Me estremecí ante el estruendo que llegaba a mis oídos
por el ventanal que daba al patio.
Al parecer, un destacamento del ejército chino, raudo
como una centella, se dirigía a Lasa para ejecutar la
sentencia, decretada arbitrariamente por las
autoridades de este país, en virtud de la cual el estado
tibetano debía someterse a la soberanía del colosal
vecino.
Este nefasto suceso ocurrió en los albores de los años
50, cuando contaba tan solo ocho años de edad.

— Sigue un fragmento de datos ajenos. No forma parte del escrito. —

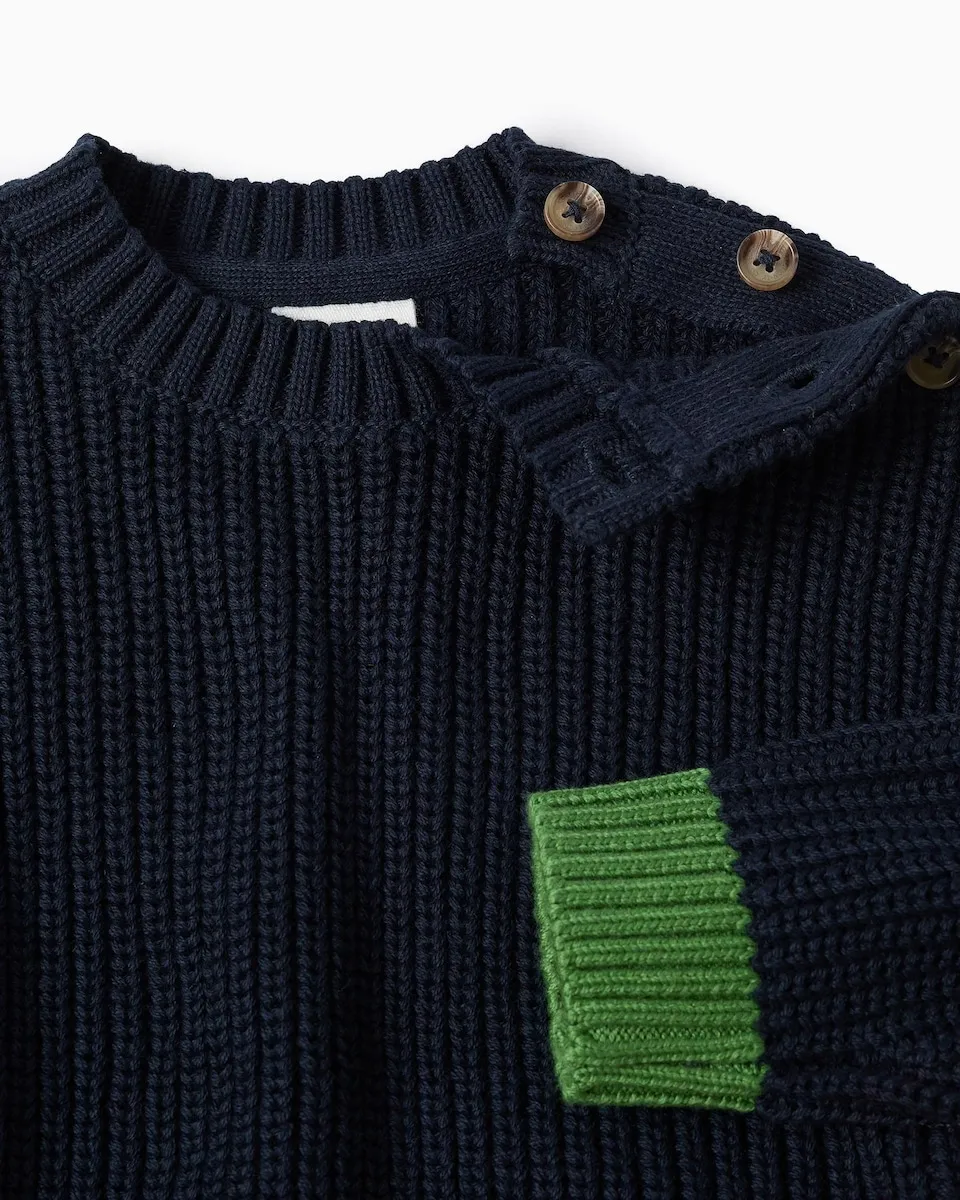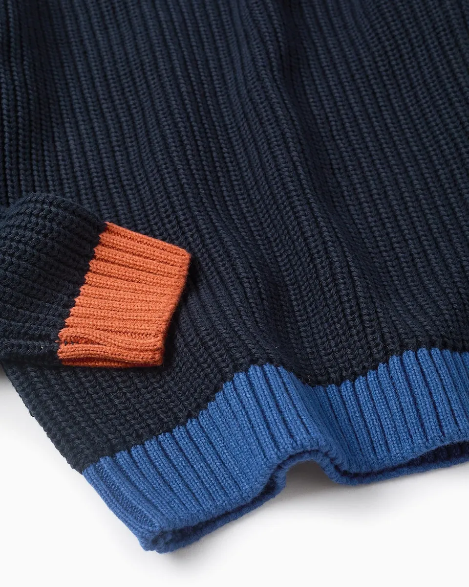 Темно-синий вязаный джемпер для мальчика, 100% хлопок. Пуговицы на плече для легкого надевания. Ребристые края разных цветов. Мягкий, удобный и оригинальный!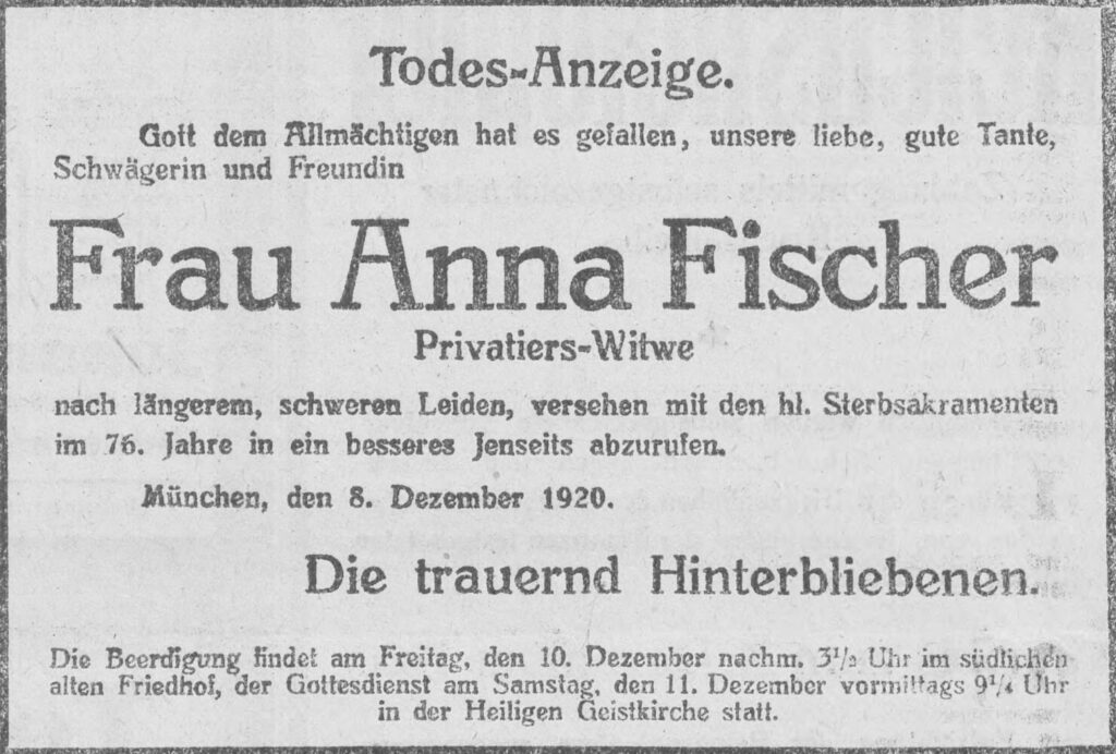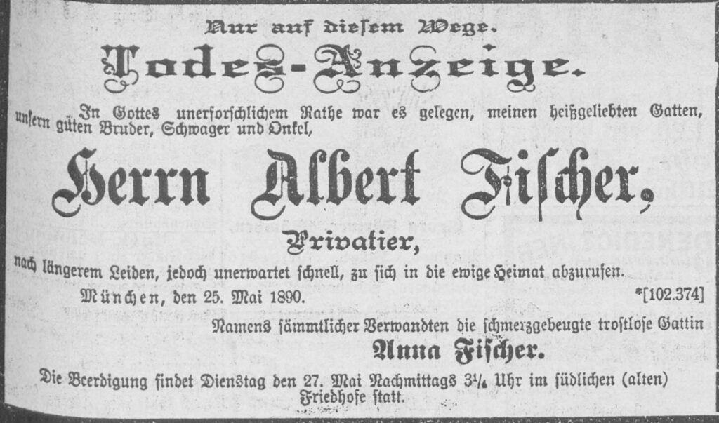 Grab der Familie Fischer auf dem Alten Südfriedhof München (Oktober 2014)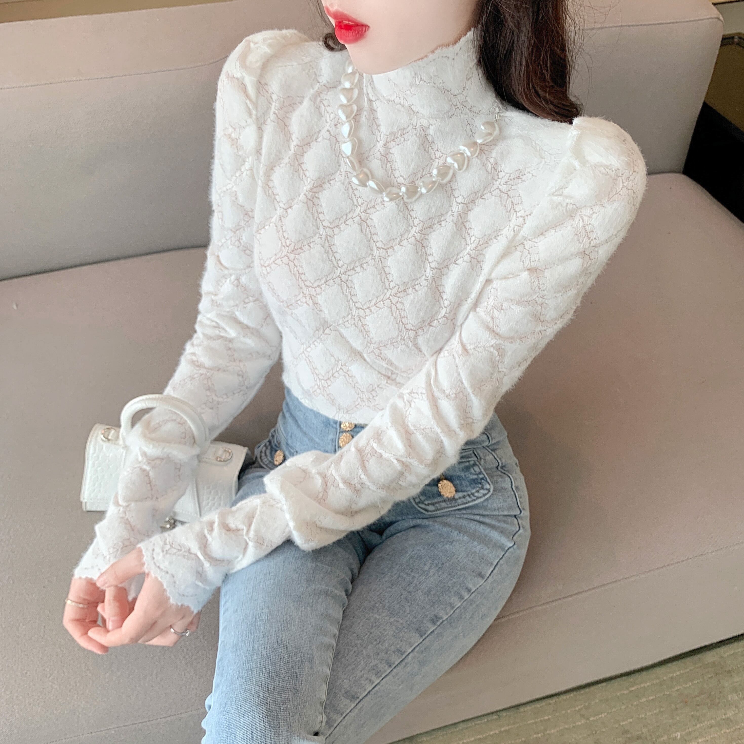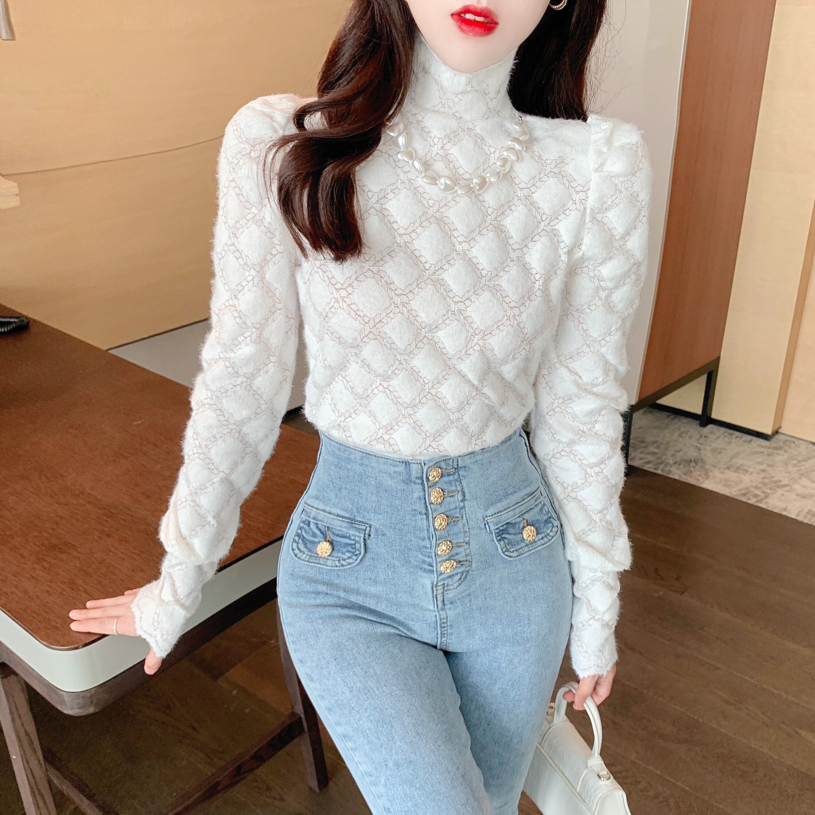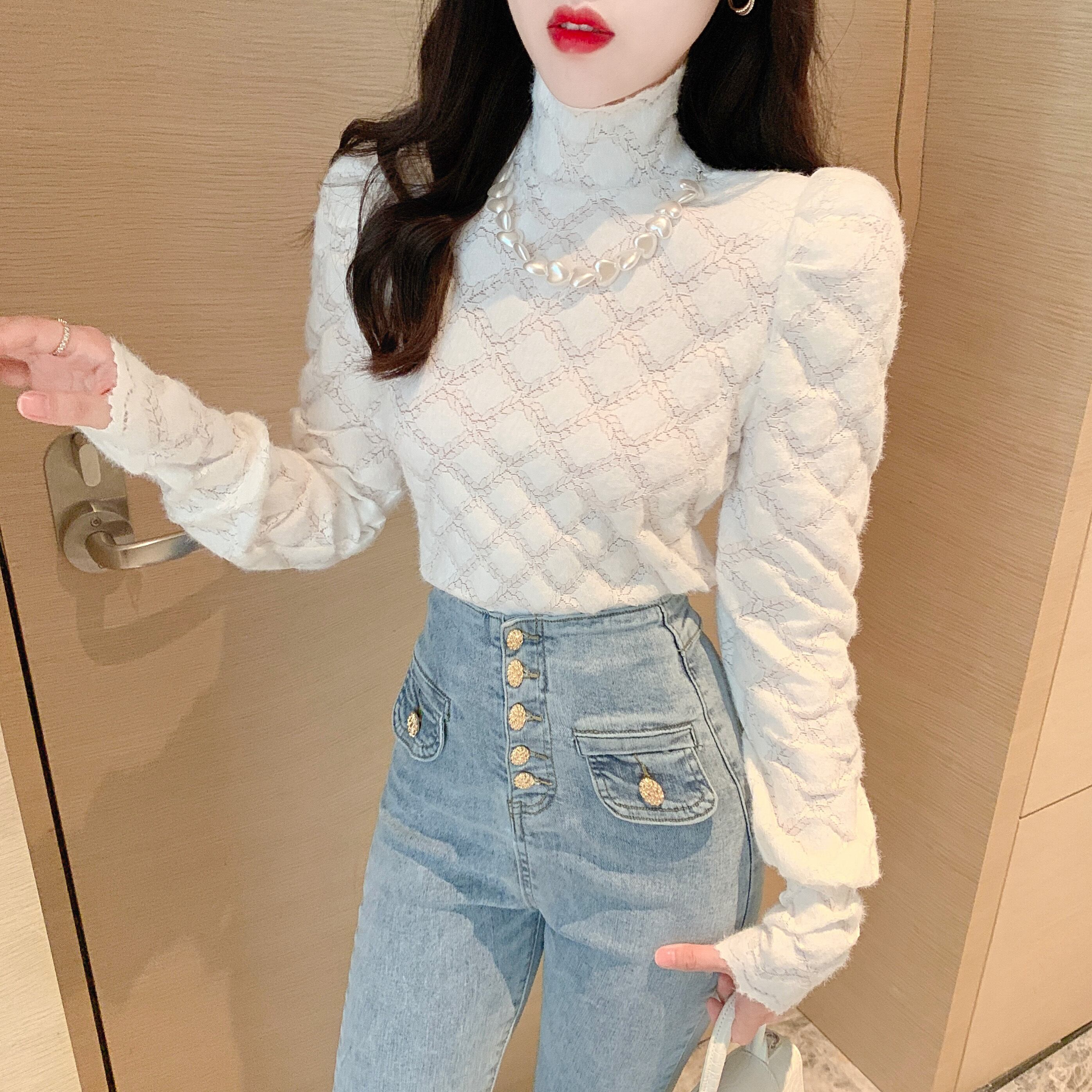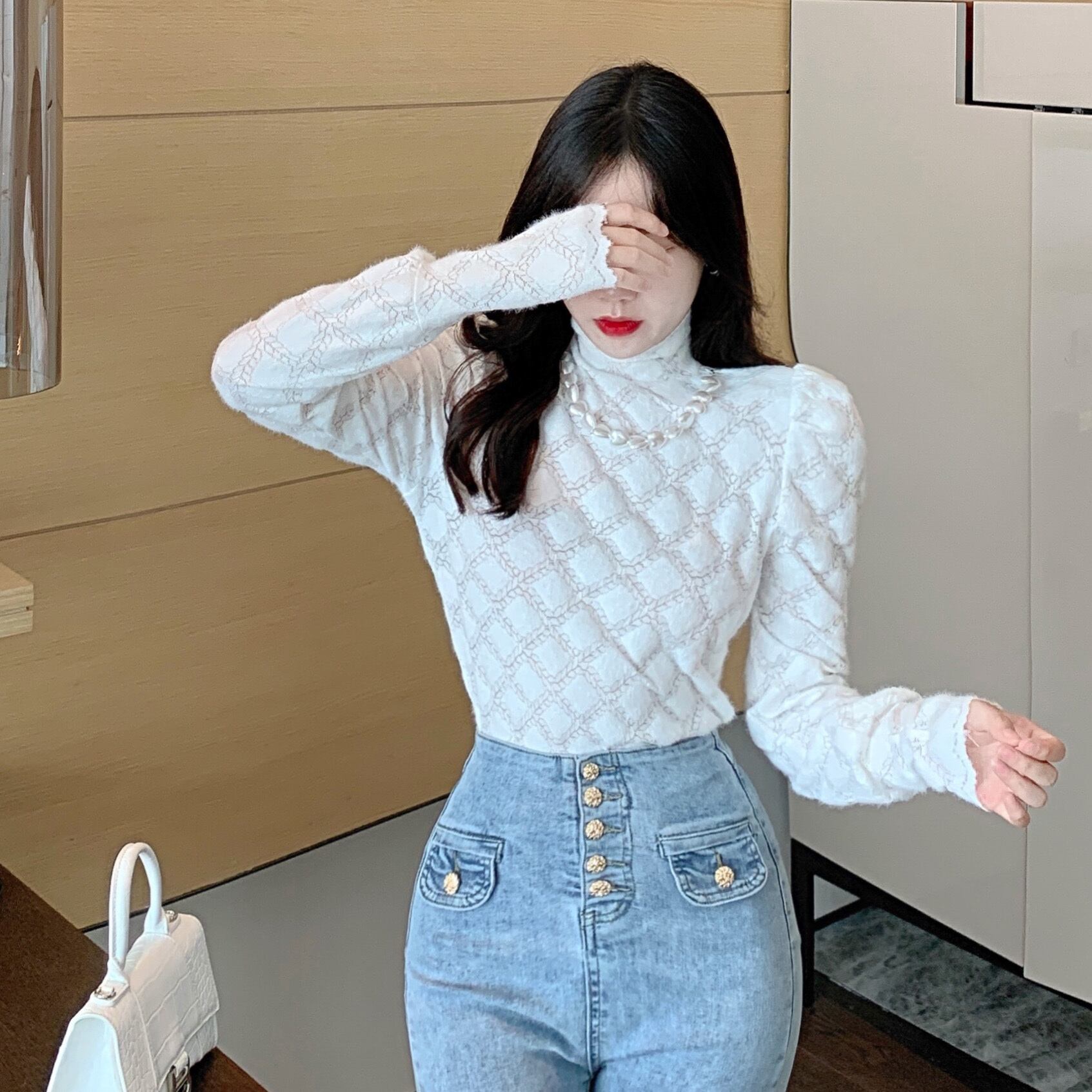 レースTシャツ オータムウィンタースリムソリッド カラートップス ロング 秋物 冬物 ソリッドカラー ガールズファッション52698143715

A la sazón era un jovenzuelo que recibía las enseñanza
del Dalái Lama en su mismo palacio, privilegio que
gocé por ser hijo de uno de sus leales lugartenientes.
Ante el diluvio de tristeza que me invadía, no pude por
menos que salir de estampida en busca de un refugio
más seguro.
El soberano fue puesto ipso facto a buen recaudo para
preservar desde el exilio la supervivencia del Tíbet.
Mi madre, que no me abandonó en ningún momento, me
llevó a unos subterráneos, cercanos a los jardines de
palacio, donde nos abrigamos al calor de la compañía
de una buena parte de los hermanos que compartíamos
habitación y credo.
Al fin y a la postre, el ejército chino hizo su trabajo sin
que se percatara de nuestra presencia.
Los ruídos cesaron al poco tiempo porque la resistencia
brillo por su ausencia, como no podía ser de otra manera.
Por fortuna, el Tíbet, aunque dependiente, sigue
ejerciendo su magisterio espiritual, que tanta falta hace.